REQUIREMENT:
Your copy of the lines below must match them exactly and contain no images.
╭─ RECORDED INFORMATION
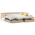 This 2-in-1 daybed with trundle, serving as both a sofa and bed, makes a practical and eye-catching addition to your living room or bedroom. Versatile daybed: The sofa bed functions as a sofa during the day and easily converts into a double bed at night by pulling out the trundle, providing a convenient solution for hosting guests and maximising space.Stable and long-lasting frame: Solid pinewood is known for its strength and durability. Its straight grains and distinctive knots contribute to its rustic charm.Slats for optimal support: The couch bed is complete with slats to offer essential support and breathability to your mattress.Ample storage space: This guest bed has two drawers that provide ample space for storing your clothes, socks, toys, cushions, etc. Good to know:Mattresses are not included with this bed. We do offer a various selection of mattresses. You can check our shop for matching mattresses.
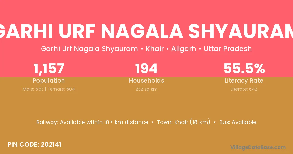 Garhi Urf Nagala Shyauram village has a total population of 1,157 people, of which 653 are males and 504 are females.
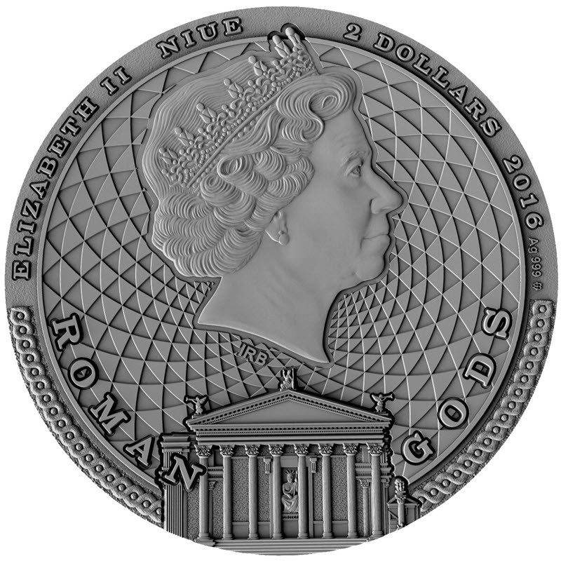 На аверсе изображена королева Елизавета II в бриллиантовой тиаре. Под портретом королевы инициалы дизайнера IRB (Ian Rank Broadley). Вверху вдоль канта надпись: ELIZABETH II NIUE 2 DOLLARS 2016 Ag 999 mw (Елизавета II, страна-эмитент, номинал, год чеканки, проба серебра, монограмма польского монетного двора), внизу капитолийский храм разделяет надпись: ROMAN GODS (Римские боги).
╰─
ANSWER TO THE EXERCISE:
 This 2-in-1 daybed with trundle, serving as both a sofa and bed, makes a practical and eye-catching addition to your living room or bedroom. Versatile daybed: The sofa bed functions as a sofa during the day and easily converts into a double bed at night by pulling out the trundle, providing a convenient solution for hosting guests and maximising space.Stable and long-lasting frame: Solid pinewood is known for its strength and durability. Its straight grains and distinctive knots contribute to its rustic charm.Slats for optimal support: The couch bed is complete with slats to offer essential support and breathability to your mattress.Ample storage space: This guest bed has two drawers that provide ample space for storing your clothes, socks, toys, cushions, etc. Good to know:Mattresses are not included with this bed. We do offer a various selection of mattresses. You can check our shop for matching mattresses.
 Garhi Urf Nagala Shyauram village has a total population of 1,157 people, of which 653 are males and 504 are females.
 На аверсе изображена королева Елизавета II в бриллиантовой тиаре. Под портретом королевы инициалы дизайнера IRB (Ian Rank Broadley). Вверху вдоль канта надпись: ELIZABETH II NIUE 2 DOLLARS 2016 Ag 999 mw (Елизавета II, страна-эмитент, номинал, год чеканки, проба серебра, монограмма польского монетного двора), внизу капитолийский храм разделяет надпись: ROMAN GODS (Римские боги).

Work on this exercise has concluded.